Whatever his motives, the fact remains that Nixon, as J.J. Goldberg, former editor of the left-leaning Forward, acknowledges in his book Jewish Power, “create[d] the now familiar U.S.-Israel alliance.”
“It was Nixon,” wrote Goldberg, “who made Israel the largest single recipient of U.S. foreign aid; Nixon who initiated the policy of virtually limitless U.S. weapons sales to Israel. The notion of Israel as a strategic asset to the United States, not just a moral commitment, was Nixon`s innovation.”
Addressing the question of Nixon’s anti-Semitism, the late Israeli president Chaim Herzog wrote:
[D]id his personal attitudes have any effect on his dealing with Israel and with Jews? None. He supplied arms and unflinching support when our very existence would have been in danger without them. Let his comments be set against his actions. And I`ll choose actions over words any day of the week.Veteran radio host Barry Farber put it this way:
Give me a Nixon who curses Jew boys over in Treasury but resupplies Israel…over a Franklin D. Roosevelt who professes great love for the Jews but lets all those Jewish refugees aboard the S.S. St. Louis be returned to the death camps of Europe rather than land in the U.S. even though they were close enough to see the lights of Miami Beach.

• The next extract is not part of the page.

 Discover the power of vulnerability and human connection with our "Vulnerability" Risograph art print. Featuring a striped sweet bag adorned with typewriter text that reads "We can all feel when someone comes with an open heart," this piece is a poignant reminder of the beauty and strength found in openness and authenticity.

Wrote Nixon biographer Stephen E. Ambrose: “Those were momentous events in world history. Had Nixon not acted so decisively, who can say what would have happened? The Arabs probably would have recovered at least some of the territory they had lost in 1967, perhaps all of it. They might have even destroyed Israel. But whatever the might-have-beens, there is no doubt that Nixon…made it possible for Israel to win, at some risk to his own reputation and at great risk to the American economy.
“He knew that his enemies…would never give him credit for saving Israel. He did it anyway.”

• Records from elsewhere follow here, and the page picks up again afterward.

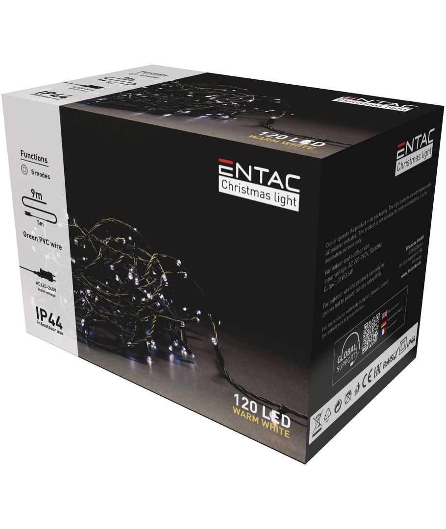 IP44, minnefunksjon, 230V, 180 LED, varm hvit
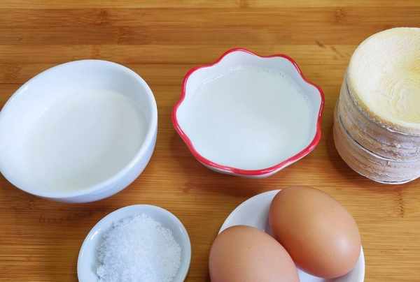 1、首先來準備下做這款【葡式蛋撻】所需要的食材:加工成半成品的大蛋撻皮9個,有瞭現成的蛋撻皮在傢裡制作起蛋撻來也很方便,市面上有大小兩種,您可以根據自己的喜好選擇;2個雞蛋、80克純牛奶和100克淡奶油調成蛋撻液,再加上20克白糖增加甜味,幾滴香草精去除蛋腥味。
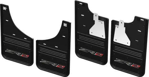 Gatorback CR ZR2 Logo Mud Flaps - Black/AL For 22-25 Silverado 1500 ZR2 / Bison; Front & Rear
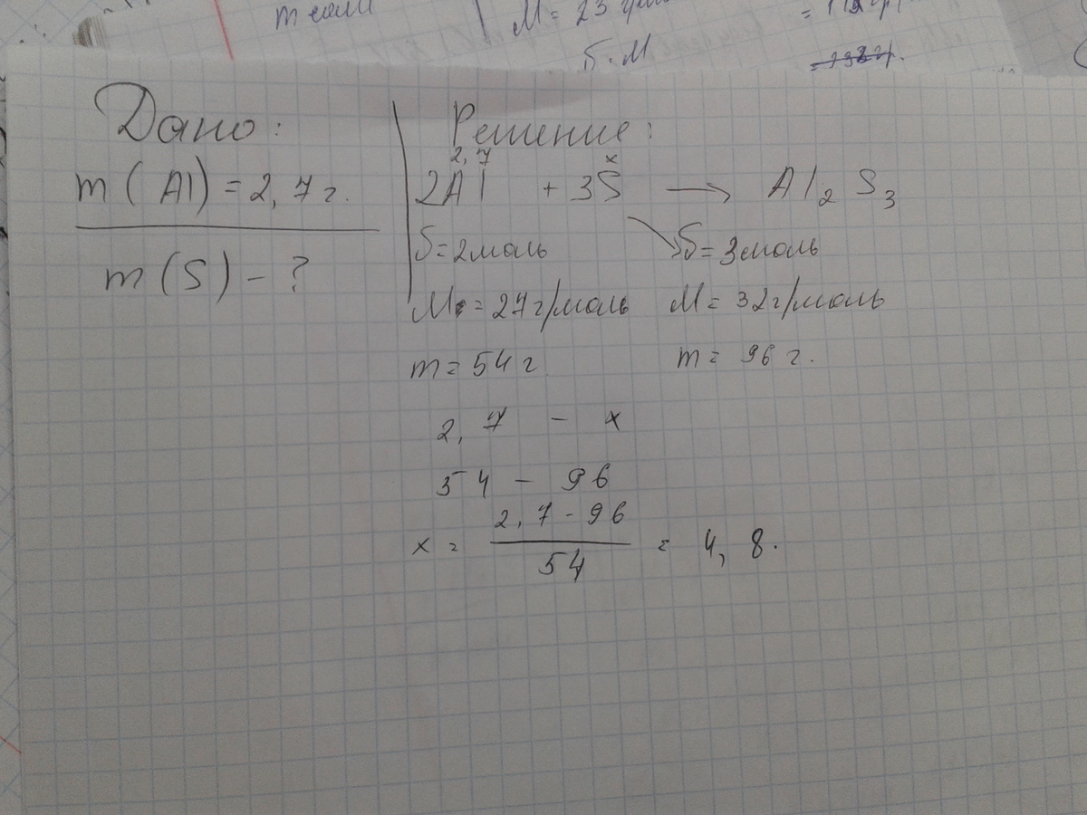 Дано: m(Al) = 2,7 гр. Найти: m(s), решите по хим уравнению Al + S = Al2S3. Найти массу элементов правой части уравнения. Решите пожалуйста! Можно сразу решение правой части.

Alexander Haig, who at the time was White House chief of staff, writes in his memoir Inner Circles:
When Schlesinger initially wanted to send just three transports to Israel because he feared anything more would alarm the Arabs and the Soviets, Nixon snapped: “We are going to get blamed just as much for three as for 300…Get them in the air, now.”
Haig recalls that Nixon, frustrated with the initial delays in implementing the airlift and aware that the Soviets had begun airlifting supplies to Egypt and Syria, summoned Kissinger and Schlesinger to the Oval Office on October 12 and “banished all excuses.” The president asked Kissinger for a precise accounting of Israel`s military needs, and Kissinger proceeded to read aloud from an itemized list.